My teaching aims to empower students to shape their own learning, equip them with the tools and skills to do so, and see new possibilities to engage with, and ultimately change, the food system.

Courses

  • SOCI 388: The Sociology of Food and Eating

    Instructor (Fall 2024, Spring 2025)

    Department of Sociology
    University of Victoria

    This course will explore some of the ways to think sociologically about food, eating and agriculture, including socio-political, economic and ecological dynamics and how they intersect. Students will learn to understand and use concepts such as food system, foodscape, food justice, food security, and food sovereignty, and the ways that capitalism and colonialism shape food system dynamics. We will also explore debates and concepts related to food that have emerged in sociology, but that have broad applicability to other fields and to our lives as eaters, citizens and community members. Overall, this course gives students a starting point to think about the food on their plates in new ways, and the opportunity to explore ideas and concepts that excite them.

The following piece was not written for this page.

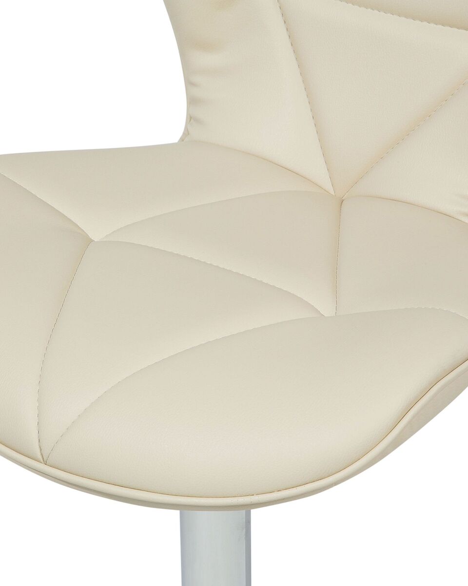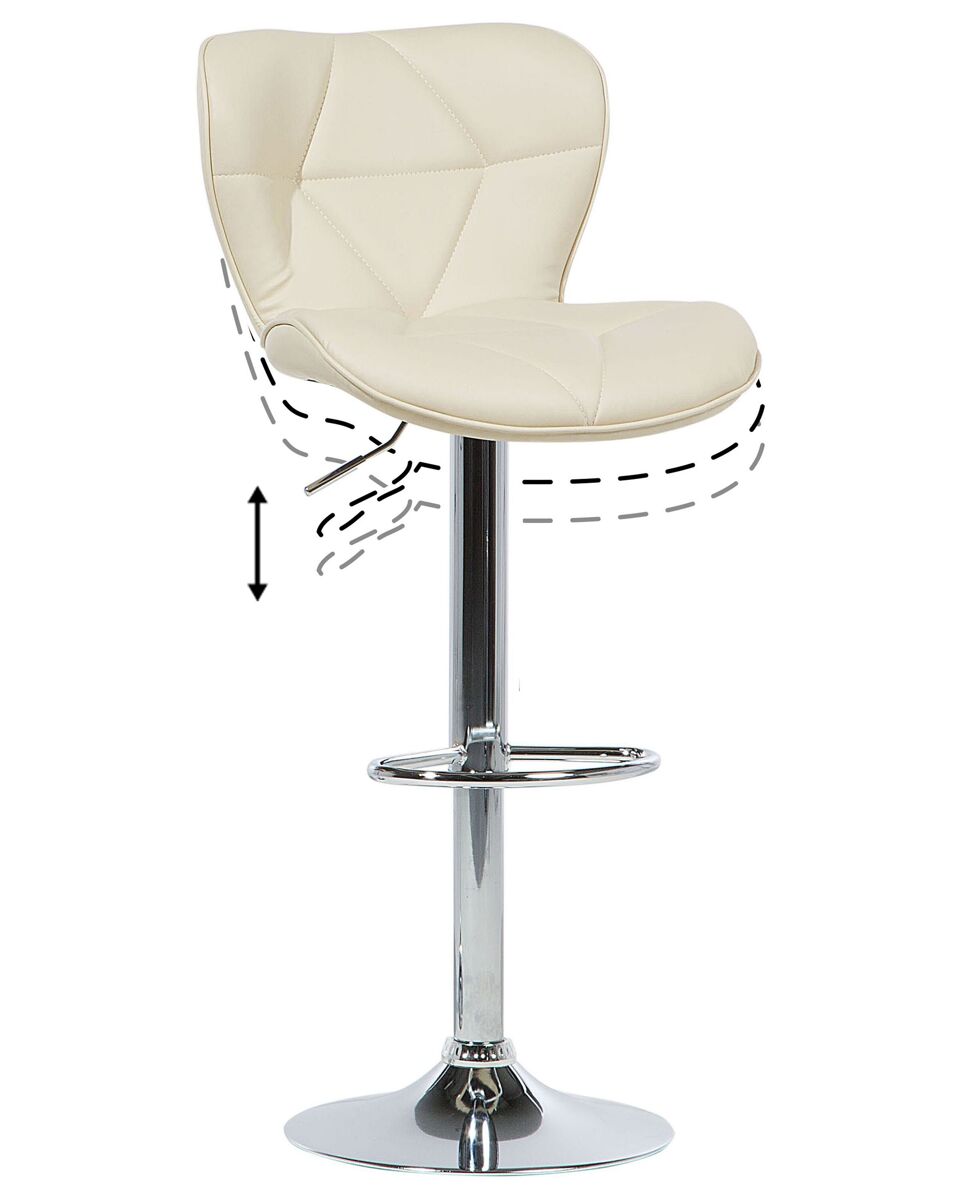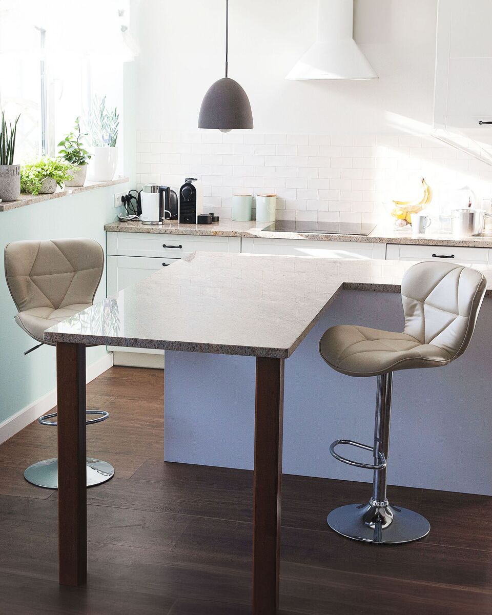 Conjunto de 2 bancos de bar giratórios. Embeleze a sua sala de jantar com este conjunto exclusivo de bancos de bar. O design moderno universal de cada peça torna-a adequada para uma variedade de estilos de decoração e combinações de cores. Graças a uma espessa camada de espuma acolchoada, um assento e costas bem perfilados, os bancos oferecem os mais altos níveis de conforto. As peças possuem um mecanismo giratório que, juntamente com a função de regulação de altura, permite uma acomodação ótima em várias configurações. Detalhes: Tipo de Produto: Tamborete rotativo Estilo: Moderno Cor: Creme Cor da estrutura: Prateado Tom: Creme claro Tipo de Material: Metal Material Principal: Pele sintética Material Adicional: Metal Material dos Pés: Metal Material do Assento: Pele sintética Composição Material: 100% poliéster Apoiador de Braço: Não Empilhável: Não Dimensões: Profundidade: 39 cm Altura do Assento: 59/80 cm Largura: 48 cm Altura: 109 cm Superfície do Assento: 48x38 cm Peso: 8 kg Peso Máximo Suportado: 130 kg A oferta inclui: 2 x Banco de bar Características Principais: Rotação a 360°, Estofos cosidos diagonalmente, Qualidade superior, Ideal para casa ou escritório, Ajuste de altura Informação de Montagem: Apenas os pés. 20-40 min. Informações Adicionais: Para garantir a estabilidade da construção e segurança de uso, recomenda-se verificar se o produto foi montado corretamente 2 semanas após a instalação. Também é recomendado verificar se os parafusos estão devidamente apertados uma vez a cada 3 meses. Dicas de Manutenção: Pele sintética: 1.Uma vez por semana, limpe com um pano húmido e seque após a limpeza. Não lubrifique 2.Use apenas produtos de limpeza e condicionadores suaves dedicados para a pele sintética 3.Limpe com água destilada e use produtos de limpeza à base de sabão em manchas difíceis 4.Por favor, aspire com um acessório adequado. Metal: 1.Para elementos cromados ou cobre, use agente de polimento 2.Para evitar arranhões, não use produtos de limpeza abrasivos 3.Limpe com um detergente suave num pano macio, seque depois.

  • A garden bed of kale plants in the sun

    SOCI 437: Issues in Environmental Sociology and Climate Change: Sustainable Agri-Food System Transitions

    Instructor (Spring 2023)

    Department of Sociology
    University of Victoria

    Agri-food systems provide an ideal entry point to study environment and climate change issues from a sociological perspective, as they are shaped by ecological realities and societal structures while also being intimately linked to our daily lives and experiences. What historical trajectories gave rise to the dominant industrial food system we see today? What are the different propositions for how to advance environmentally and climate-friendly agri-food systems, and how do they reflect distinct assumptions about power and societal change? How do agri-food systems link to struggles for environmental and climate justice? What can we (as individuals and collectives) do to advance sustainable agri-food system transitions in our own lives?

    This course will equip students to understand key debates, concepts and theories related to environmental and climate justice in agri-food systems. Together, we will examine how environmental injustices and unsustainability are produced by the dominant agri-food system, and key theories and proposals for pathways to agri-food system change.

  • A farm road amongst trees with a dog running in the distance

    LFS 250: Land, Food and Community I: Introduction to Food Systems and Sustainability

    Senior teaching assistant (2020-22)
    Teaching assistant (2014-16; 2019-20)
    Course coordinator (2015-16)

    Faculty of Land and Food Systems
    University of British Columbia

    Land, Food and Community I (LFS 250) is part of the Land, Food and Community (LFC) series – the academic core of all programs in the Faculty of Land and Food Systems. The objective of the LFC series is to create learning opportunities that encourage students to become citizens, professionals, and leaders who understand the opportunities and obstacles to creating regional, national and global food systems that are ecologically, socially and economically sustainable.

    In LFS 250, we begin the process of becoming food systems thinkers by analyzing global and regional food systems through theory and personal experience. By participating in interdisciplinary group work, students learn about complex food system issues and how their disciplines contribute to addressing food system sustainability, food security, and food sovereignty.


  • Red apples growing high on a tree against the backdrop of a blue sky

    LFS 350: Land, Food and Community II: Principles and Practice of Community Food Security

    Teaching assistant (2017)

    Faculty of Land and Food Systems
    University of British Columbia


    Land and Food Systems students who have completed the Land, Food and Community (LFC) core series are systems thinkers, able to work collaboratively in multicultural, inter- and trans- disciplinary teams to develop solutions for complex, multi-stakeholder issues related to food, health and the environment. Incorporating academic and community perspectives, they apply their knowledge in an environmentally, socially and economically sustainable manner to community food security challenges.

    In LFS 350, students have the opportunity to contribute to addressing issues of food system sustainability and community food security through collaboration with local and regional organizations.